RECORDED DATA:
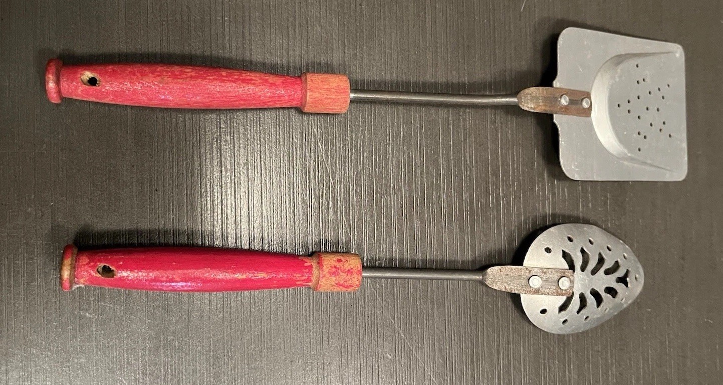 Vintage Toy Aluminum Steel Spatula Slotted Spoon with Red Wooden Handle Wood
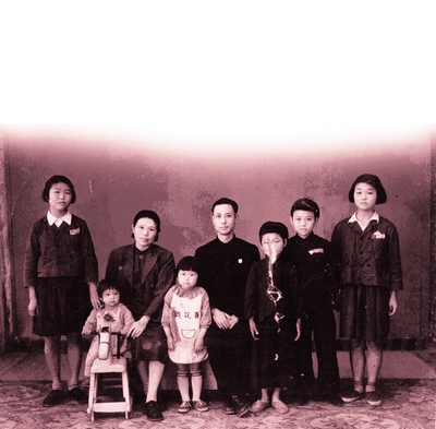 1944年,我和我的先生相识并结婚,年轻时的他十分帅气,毕业于黄埔军校,曾在长沙绥靖公署任职。解放前后,我们共哺育6个子女,这是1958年在武昌照的全家福。姚建龙供照
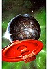 ausgehöhlter Mond mit Pyramiden und Kugelraumschiff

HOW TO COMPLETE THIS TASK: Reproduce the data word for word, excluding its pictures.

OUTPUT OF THE TASK:
 Vintage Toy Aluminum Steel Spatula Slotted Spoon with Red Wooden Handle Wood
 1944年,我和我的先生相识并结婚,年轻时的他十分帅气,毕业于黄埔军校,曾在长沙绥靖公署任职。解放前后,我们共哺育6个子女,这是1958年在武昌照的全家福。姚建龙供照
 ausgehöhlter Mond mit Pyramiden und Kugelraumschiff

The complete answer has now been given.